Koalitionsausschuss

Darum geht es im Koalitionsausschuss

Aktualisiert am 01.07.2026 – 07:13 UhrLesedauer: 3 Min.

Zum Schluss dürfte es wieder eine Pressekonferenz geben. (Quelle: Michael Kappeler/dpa/dpa-bilder)

Über die Rente besteht weitgehend Einigkeit. Bei der Steuer knirscht es am meisten. Wie groß wird der Reformwurf der Koalition?

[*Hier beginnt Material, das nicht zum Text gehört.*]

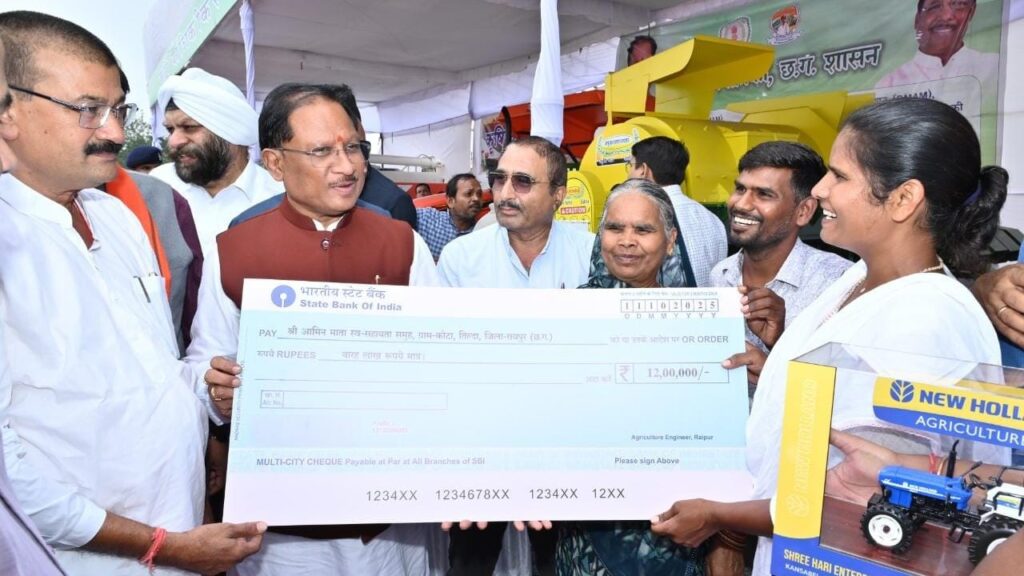 मुख्यमंत्री श्री विष्णु देव साय ने कहा कि बड़ी ख़ुशी की बात है कि किसान हित में दो नई योजनाओं में छत्तीसगढ़ के तीन जिलों जशपुर, कोरबा और दंतेवाड़ा को भी शामिल किया गया है। इसके लिए मैं छत्तीसगढ़ की तीन करोड़ जनता की ओर से विशेष रूप से प्रधानमंत्री श्री नरेन्द्र मोदी और केन्द्रीय कृषि मंत्री श्री शिवराज सिंह चौहान के प्रति आभार व्यक्त करता हूं। उन्होंने इन दो नई योजनाओं के लिए प्रदेश के किसानों को बधाई और शुभकामनाएं दी। मुख्यमंत्री श्री साय ने कहा कि इन योजनाओं से खेती-किसानी की तस्वीर बदलेगी और आर्थिक सम्पन्नता भी आएगी। मुख्यमंत्री श्री साय ने योजनाओं के शुभारंभ के अवसर पर कृषि विभाग द्वारा लगाए गए स्टालों का निरीक्षण किया और कृषि अभियांत्रिकी सब मिशन योजना के तहत किसानों को टैªक्टरों, कृषि उपकरणों की चाबी भी सौपी और अनुदान राशि का चेक प्रदान किया।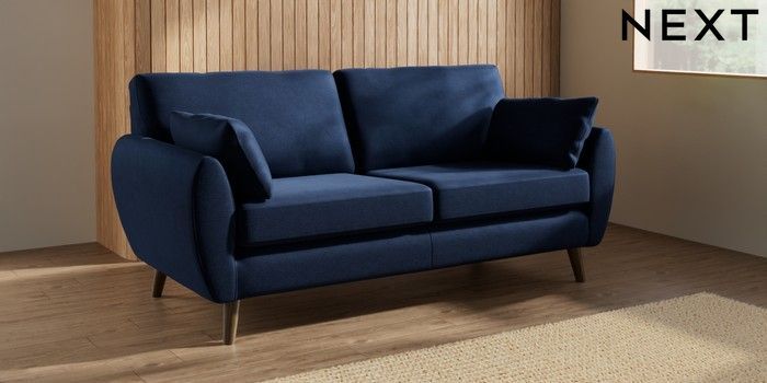 7.3.1 Buy Wilson 3 Seater Small Sofa Luxe Chenille Navy Blue Retro Tapered - Mid from the Next UK online shop

Die Spitzen von Union und SPD kommen heute zu den möglicherweise entscheidenden Beratungen über ihr Reformpaket zusammen. Im Koalitionsausschuss wird es unter anderem um Steuerentlastungen kleiner und mittlerer Einkommen, Arbeitsmarktreformen sowie Rente, Gesundheit und Pflege gehen. Ob es schon heute oder in der Nacht zu Donnerstag zu Entscheidungen kommt, ist offen. Es kann auch sein, dass die Verhandlungen in die Verlängerung gehen. Die Koalition will sich nicht unter Zeitdruck setzen lassen. Darum geht es im Einzelnen:

Steuer

Als dickster Brocken gilt die Reform der Einkommensteuer. Die Koalition will mit Wirkung 1. Januar 2027 vor allem kleine und mittlere Einkommen entlasten. Finanzminister Lars Klingbeil (SPD) hat den Spitzen der Koalition zwei Vorschläge gemacht, die Grundlage für die Verhandlungen sein sollen. Die entscheidende Frage ist die Gegenfinanzierung: je höher die Steuerentlastungen ausfallen sollen, desto mehr kostet die Reform. Die SPD will einen höheren Spitzensteuersatz und eine höhere Erbschaftsteuer, das lehnt die Union aber ab. Im Gespräch sind auch eine Anhebung der Reichensteuer, eine Mehrwertsteuererhöhung, Subventionskürzungen oder Einsparungen im Haushalt.

Arbeitsmarkt

Die Zukunft des Acht-Stunden-Tags bleibt ein wunder Punkt zwischen der Union und SPD. Im Koalitionsvertrag hatten sie vereinbart, „die Möglichkeit einer wöchentlichen anstatt einer täglichen Höchstarbeitszeit“ zu schaffen. Sozialministerin Bärbel Bas (SPD) hat aber öffentlich gesagt, sie würde das Thema am liebsten nicht anfassen, zumal aus den Gewerkschaften harter Widerstand kommt. Ihr Ministerium entwarf eine Art Minimallösung: Längere tägliche Arbeitszeiten sollen nur möglich sein, wenn sie in Tarifverträgen oder Betriebsvereinbarungen ausgehandelt werden. Dabei soll eine elektronische Erfassung der Arbeitszeit Pflicht werden. Aus der CDU kam ebenso heftiger Widerspruch wie von den Arbeitgeberverbänden.

Rente

Die Marschrichtung bei der Rente scheint klar: Umsetzung der Vorschläge der Rentenkommission, zügig und vollständig, so hatten es Merz und Bas angekündigt. Beim Koalitionsausschuss dürfte der Fahrplan beschlossen werden. Die Eckpunkte der Reform gehen dann wahrscheinlich noch vor der Sommerpause ins Kabinett. Bis zum Jahresende sollen die notwendigen Gesetze erarbeitet werden. Vereinzelt gibt es allerdings Widerspruch – vor allem von der Ministerpräsidentin von Mecklenburg-Vorpommern, Manuela Schwesig (SPD), die eine Wahl im September vor sich hat. Die Chancen, dass die Rentenreform einigermaßen glattläuft, stehen aber ziemlich gut.

Gesundheit

Die Reform, die erneute Erhöhungen der Krankenkassenbeiträge verhindern soll, ist am weitesten vorangekommen. Über dafür vorgesehene Milliarden-Einschnitte bei den Gesundheitsausgaben ringen die schwarz-roten Fraktionen schon im regulären parlamentarischen Verfahren. Erklärtes Ziel ist ein Beschluss des Spargesetzes im Bundestag in der kommenden Woche gerade noch vor der Sommerpause. Die Finanzlücke bei den gesetzlichen Kassen, die 2027 für stabile Beiträge geschlossen werden muss, ist noch gewachsen. Zu mehreren Sparmaßnahmen standen zudem Klärungen aus – etwa bei Belastungen für Patienten und die Pharmabranche. Sollten für eine Lösung noch extra Milliarden aus dem Etat ins Spiel kommen, könnte das ein Fall für die Spitzenrunde werden.